In this court it is the contention of defendant's counsel that, by dismissing the count relating to the December charge from the case, the government put the defendant in a position in which he could not introduce evidence to rebut that charge. Moreover, it is contended that the prosecution used the December robbery charge against him.
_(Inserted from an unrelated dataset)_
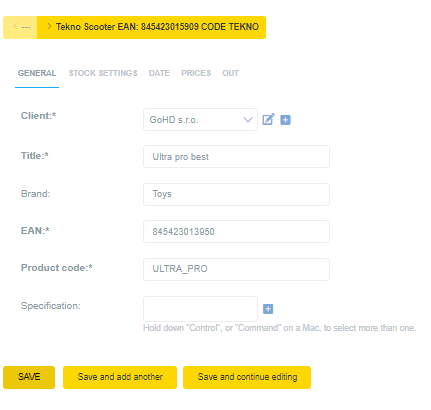 Při editaci stačí pouze rozkliknout podrobnější informace o produktu. Například kliknutím na EAN.

The government's witness, vice-president-cashier Wright of the Alpine State Bank, testified that from his office, on April 2, 1964, he noticed a lady customer at a teller's window, with a scared look and her mouth forming the words "He has a gun in his hand". Wright started to dial the sheriff on a telephone when a man with a hand in a pocket motioned him to put the phone down. Wright testified that he heard a voice which he recognized and then a scream by another voice; that then a man wearing a bluehooded jacket with white stitching, whom he identified as defendant Smith, passed in front of him carrying a sack and a pistol, crossed the lobby and left the bank, followed by the man who had motioned Wright to put down the telephone. Wright tried to obtain the license number on the get-away car used by these men. Wright was cross-examined by Smith's counsel, but not by Levine's counsel.
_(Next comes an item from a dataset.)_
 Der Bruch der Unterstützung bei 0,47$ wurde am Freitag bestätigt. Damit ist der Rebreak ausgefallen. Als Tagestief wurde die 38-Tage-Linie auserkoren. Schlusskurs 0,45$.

Dean Gerber, a teller, testified for the government and related the events of the robbery, identifying defendant Smith as the man who took money from the cashiers and who caused one of the tellers to scream after grabbing her arm and spinning her around. Gerber put the money in his cage into a bag which Smith had, in addition to a gun. He identified a gun offered in evidence as the same, or similar to the, one used by Smith.

Gerber testified he walked with Smith to the fifth window and told him "there was no money there." He then saw Smith leave the bank with another person who had been standing by the door. They sped out of the shopping center in a "shiny black '58 or '59 Buick car", and that, when Gerber was emptying the money into his bag, Smith said "quit stalling".

Teller Rae Ludlum was at the bank's drive-in window on April 2, 1964. She identified Smith as the man who swung her around by the shoulder and pointed a gun at her causing her to scream.

Mrs. Ludlum testified that she had heard this man's voice on a prior occasion and had seen him walk prior to April 2, 1964. This testimony was then objected to by defense counsel, but the court let it stand and stated that counsel might "cross-examine on that point". Neither counsel returned to this point and questioned her. In fact counsel for defendant Levin chose to refrain from cross-examining Mrs. Ludlum.

Witness Virginia Moore, a teller, pointed to and identified defendant Smith as the man who on April 2, 1964 came to her cash window with a gun in his hand and said: "Don't move or I will blow your head off". She stated that he handed her a pillow case and told her to put her money in it, which she did. She identified a gun handed to her marked government exhibit 3 as similar to the one pointed at her by Smith.

Catherine Compton, a secretary-receptionist at Alpine State Bank, testified that she saw two men in the bank on April 2, 1964 and she identified defendant Smith as one of them. She saw the two men leave in a black car. Only counsel for Smith cross-examined her.

Smith withdrew his plea of not guilty and entered a plea of guilty and the jury was acquainted with these facts, but was told that it was without prejudice to Levine.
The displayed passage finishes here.